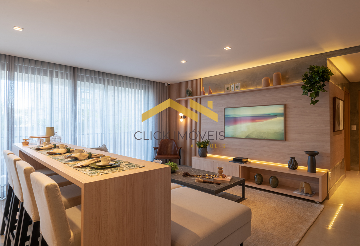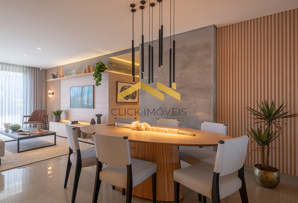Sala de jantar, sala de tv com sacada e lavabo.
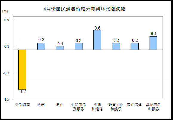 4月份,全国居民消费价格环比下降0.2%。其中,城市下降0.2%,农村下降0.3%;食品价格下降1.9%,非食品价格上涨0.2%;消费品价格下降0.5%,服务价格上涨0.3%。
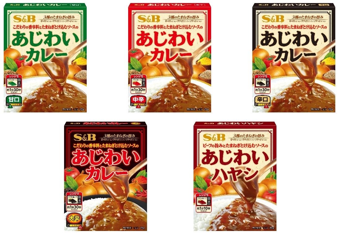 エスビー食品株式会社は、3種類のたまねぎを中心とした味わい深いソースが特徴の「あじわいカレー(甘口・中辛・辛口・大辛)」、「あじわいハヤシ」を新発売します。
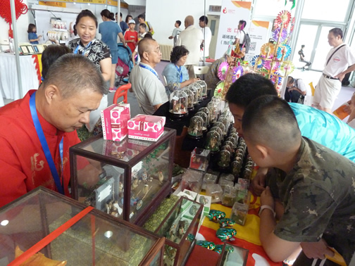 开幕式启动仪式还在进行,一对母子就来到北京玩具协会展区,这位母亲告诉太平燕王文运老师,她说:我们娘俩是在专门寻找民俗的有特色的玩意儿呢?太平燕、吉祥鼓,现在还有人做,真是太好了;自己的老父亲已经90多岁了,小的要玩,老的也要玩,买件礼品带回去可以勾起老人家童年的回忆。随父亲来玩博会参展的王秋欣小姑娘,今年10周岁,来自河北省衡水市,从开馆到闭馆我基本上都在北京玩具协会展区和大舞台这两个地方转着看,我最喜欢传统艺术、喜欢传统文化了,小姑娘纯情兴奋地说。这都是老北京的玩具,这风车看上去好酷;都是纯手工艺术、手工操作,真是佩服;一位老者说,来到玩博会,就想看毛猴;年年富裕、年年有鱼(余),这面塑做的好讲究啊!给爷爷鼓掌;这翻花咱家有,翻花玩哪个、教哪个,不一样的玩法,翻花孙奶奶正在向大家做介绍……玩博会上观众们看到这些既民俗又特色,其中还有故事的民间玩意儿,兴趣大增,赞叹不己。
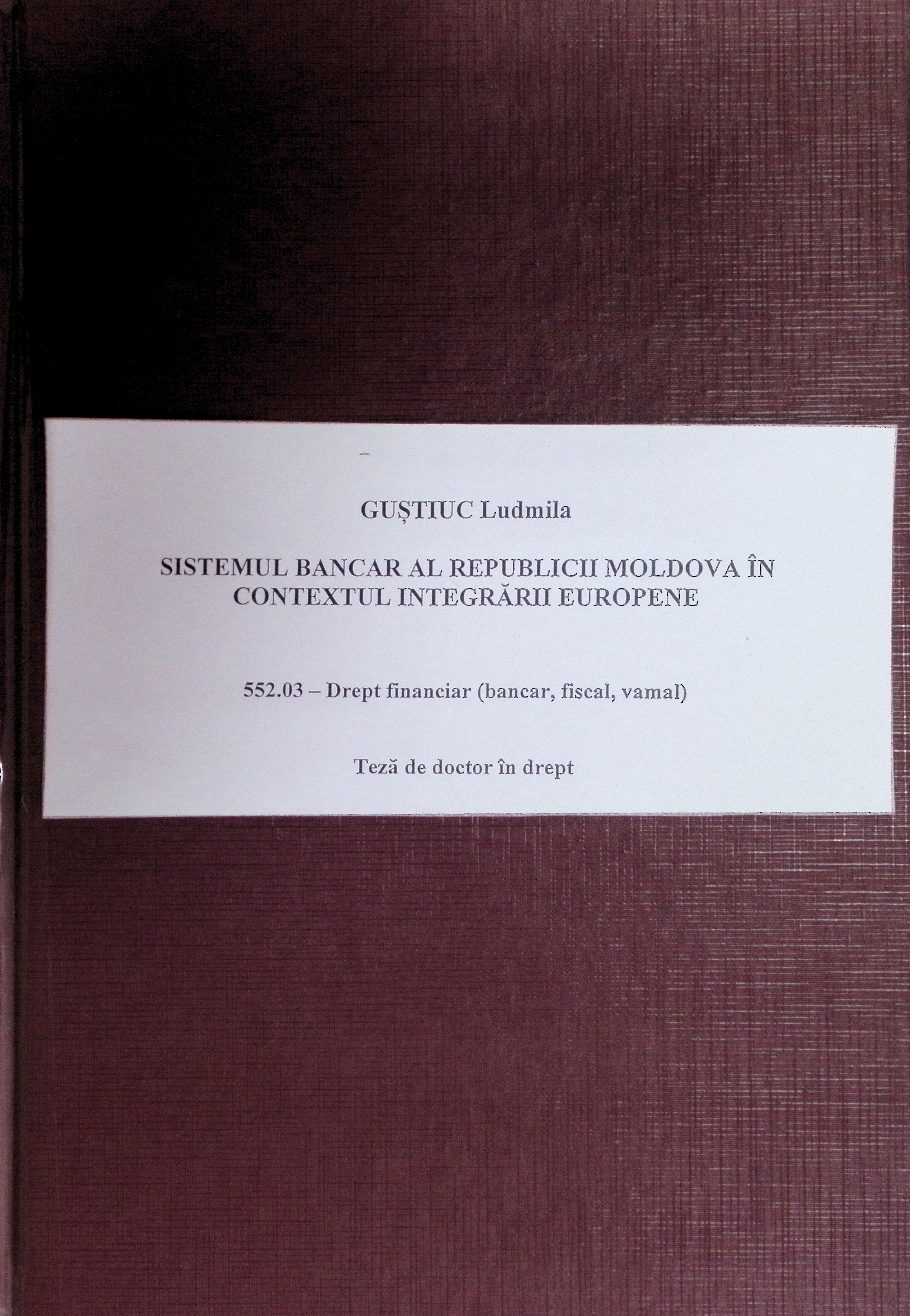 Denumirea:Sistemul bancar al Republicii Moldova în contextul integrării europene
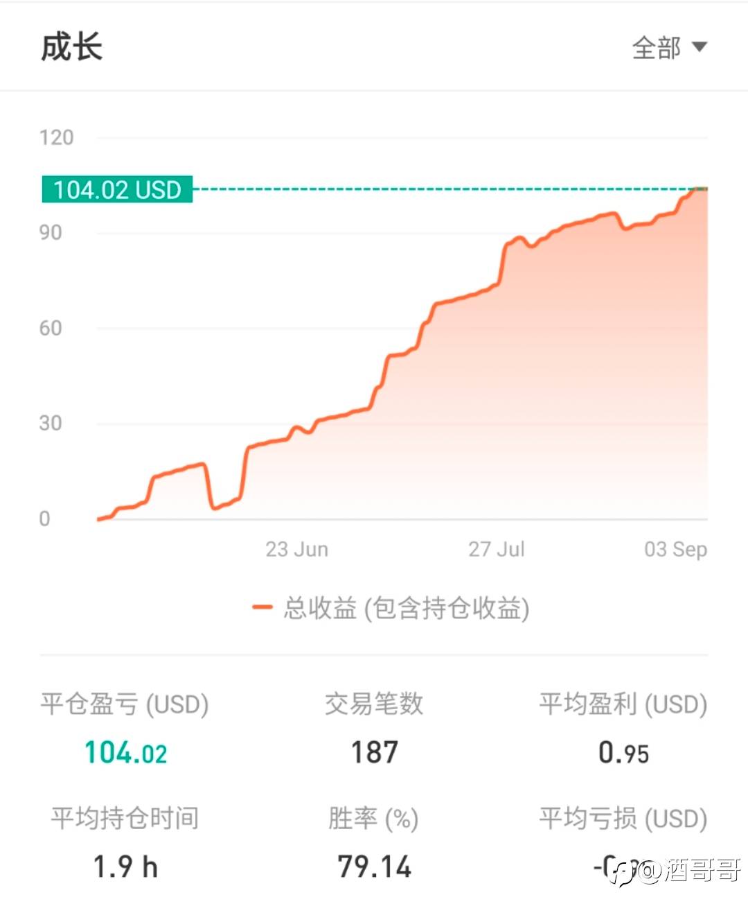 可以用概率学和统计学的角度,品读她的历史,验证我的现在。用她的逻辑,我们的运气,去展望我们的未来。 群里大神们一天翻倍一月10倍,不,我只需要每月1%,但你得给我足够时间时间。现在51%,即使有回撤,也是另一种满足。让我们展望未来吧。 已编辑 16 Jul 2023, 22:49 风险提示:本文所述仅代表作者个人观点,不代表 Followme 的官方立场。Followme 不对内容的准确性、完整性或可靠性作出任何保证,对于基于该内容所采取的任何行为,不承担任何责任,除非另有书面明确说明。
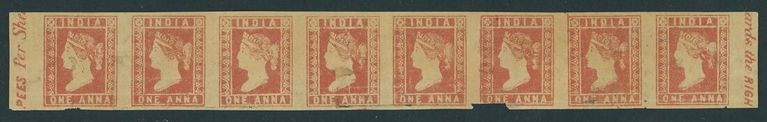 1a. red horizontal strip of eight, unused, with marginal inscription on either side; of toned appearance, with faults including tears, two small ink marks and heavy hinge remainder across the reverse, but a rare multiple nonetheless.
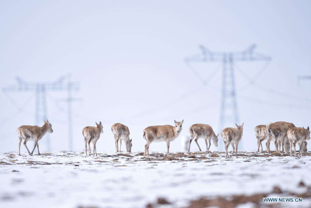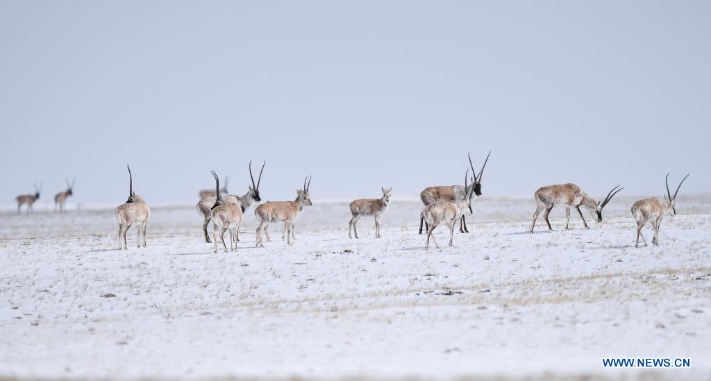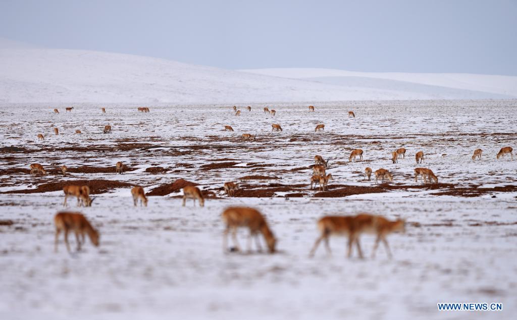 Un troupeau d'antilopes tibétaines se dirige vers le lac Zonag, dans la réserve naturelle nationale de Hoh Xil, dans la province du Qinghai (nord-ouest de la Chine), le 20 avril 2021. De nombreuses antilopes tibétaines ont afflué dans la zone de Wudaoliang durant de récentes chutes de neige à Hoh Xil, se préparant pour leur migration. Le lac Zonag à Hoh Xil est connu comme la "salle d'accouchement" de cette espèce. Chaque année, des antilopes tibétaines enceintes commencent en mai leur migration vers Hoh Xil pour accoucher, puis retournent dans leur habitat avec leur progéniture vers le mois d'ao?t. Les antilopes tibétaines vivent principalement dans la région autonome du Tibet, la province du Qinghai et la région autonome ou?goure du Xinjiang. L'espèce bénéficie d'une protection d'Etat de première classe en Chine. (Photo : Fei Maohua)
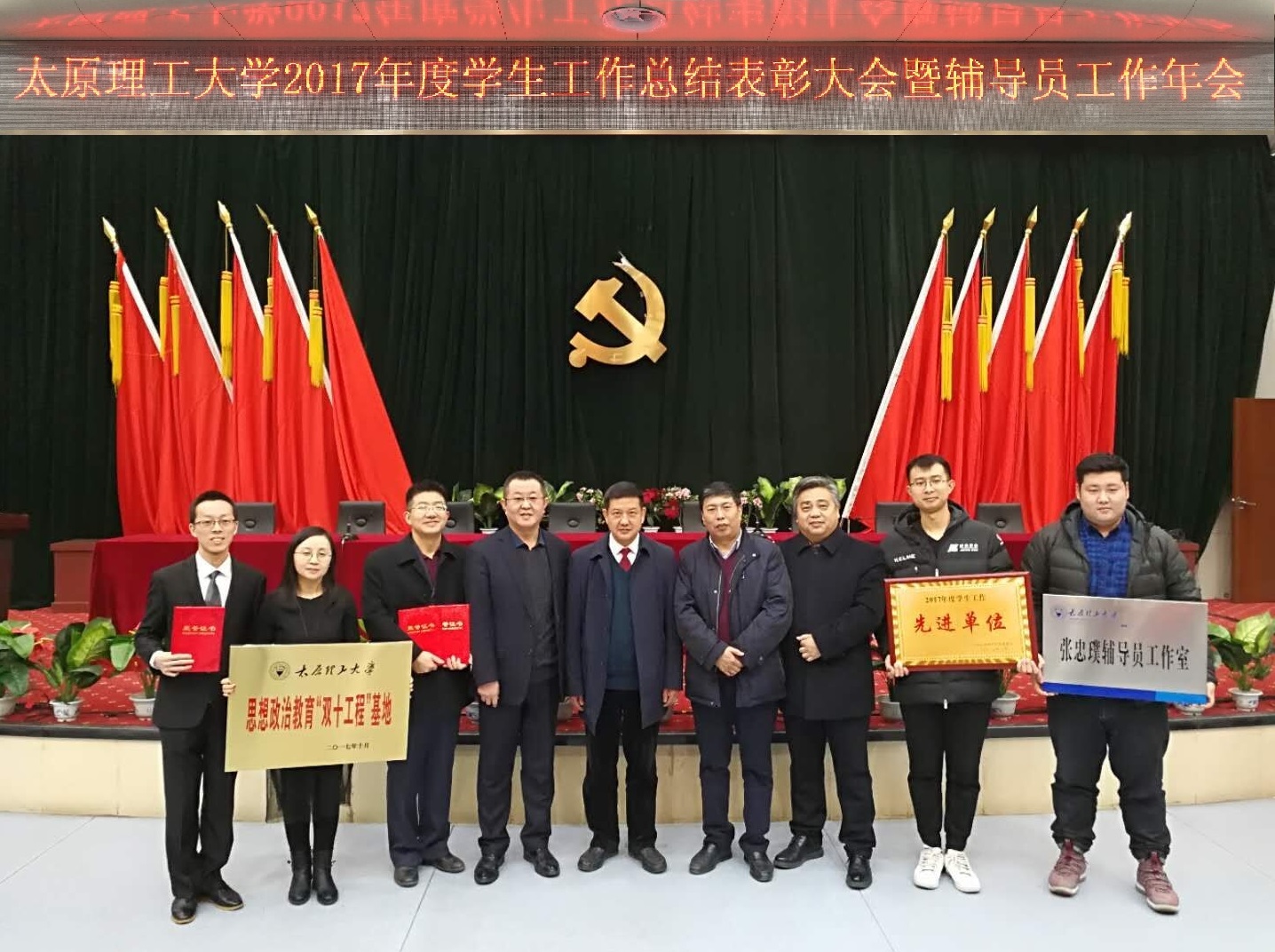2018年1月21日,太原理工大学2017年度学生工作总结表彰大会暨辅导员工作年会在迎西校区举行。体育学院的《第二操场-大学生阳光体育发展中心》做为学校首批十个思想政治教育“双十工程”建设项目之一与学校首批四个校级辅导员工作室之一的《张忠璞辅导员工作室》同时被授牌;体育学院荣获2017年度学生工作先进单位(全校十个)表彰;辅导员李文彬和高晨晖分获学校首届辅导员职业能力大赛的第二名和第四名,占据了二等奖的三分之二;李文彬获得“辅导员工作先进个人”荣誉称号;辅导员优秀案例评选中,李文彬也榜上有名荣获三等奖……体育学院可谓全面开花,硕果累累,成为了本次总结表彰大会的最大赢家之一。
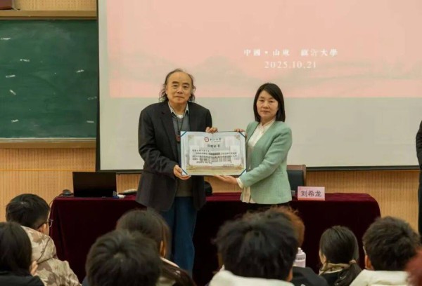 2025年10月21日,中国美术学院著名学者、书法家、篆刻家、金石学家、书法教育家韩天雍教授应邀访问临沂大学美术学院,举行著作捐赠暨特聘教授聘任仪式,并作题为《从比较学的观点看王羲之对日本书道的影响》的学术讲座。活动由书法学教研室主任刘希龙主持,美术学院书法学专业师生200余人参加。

--- --- ---

WHAT THE EXERCISE ASKS:
Reproduce exactly, and only, the lines from the opening line of the listing above through the line holding "1a. red horizontal", minus the pictures.

TASK RESULT:
Sala de jantar, sala de tv com sacada e lavabo.
 4月份,全国居民消费价格环比下降0.2%。其中,城市下降0.2%,农村下降0.3%;食品价格下降1.9%,非食品价格上涨0.2%;消费品价格下降0.5%,服务价格上涨0.3%。
 エスビー食品株式会社は、3種類のたまねぎを中心とした味わい深いソースが特徴の「あじわいカレー(甘口・中辛・辛口・大辛)」、「あじわいハヤシ」を新発売します。
 开幕式启动仪式还在进行,一对母子就来到北京玩具协会展区,这位母亲告诉太平燕王文运老师,她说:我们娘俩是在专门寻找民俗的有特色的玩意儿呢?太平燕、吉祥鼓,现在还有人做,真是太好了;自己的老父亲已经90多岁了,小的要玩,老的也要玩,买件礼品带回去可以勾起老人家童年的回忆。随父亲来玩博会参展的王秋欣小姑娘,今年10周岁,来自河北省衡水市,从开馆到闭馆我基本上都在北京玩具协会展区和大舞台这两个地方转着看,我最喜欢传统艺术、喜欢传统文化了,小姑娘纯情兴奋地说。这都是老北京的玩具,这风车看上去好酷;都是纯手工艺术、手工操作,真是佩服;一位老者说,来到玩博会,就想看毛猴;年年富裕、年年有鱼(余),这面塑做的好讲究啊!给爷爷鼓掌;这翻花咱家有,翻花玩哪个、教哪个,不一样的玩法,翻花孙奶奶正在向大家做介绍……玩博会上观众们看到这些既民俗又特色,其中还有故事的民间玩意儿,兴趣大增,赞叹不己。
 Denumirea:Sistemul bancar al Republicii Moldova în contextul integrării europene
 可以用概率学和统计学的角度,品读她的历史,验证我的现在。用她的逻辑,我们的运气,去展望我们的未来。 群里大神们一天翻倍一月10倍,不,我只需要每月1%,但你得给我足够时间时间。现在51%,即使有回撤,也是另一种满足。让我们展望未来吧。 已编辑 16 Jul 2023, 22:49 风险提示:本文所述仅代表作者个人观点,不代表 Followme 的官方立场。Followme 不对内容的准确性、完整性或可靠性作出任何保证,对于基于该内容所采取的任何行为,不承担任何责任,除非另有书面明确说明。
 1a. red horizontal strip of eight, unused, with marginal inscription on either side; of toned appearance, with faults including tears, two small ink marks and heavy hinge remainder across the reverse, but a rare multiple nonetheless.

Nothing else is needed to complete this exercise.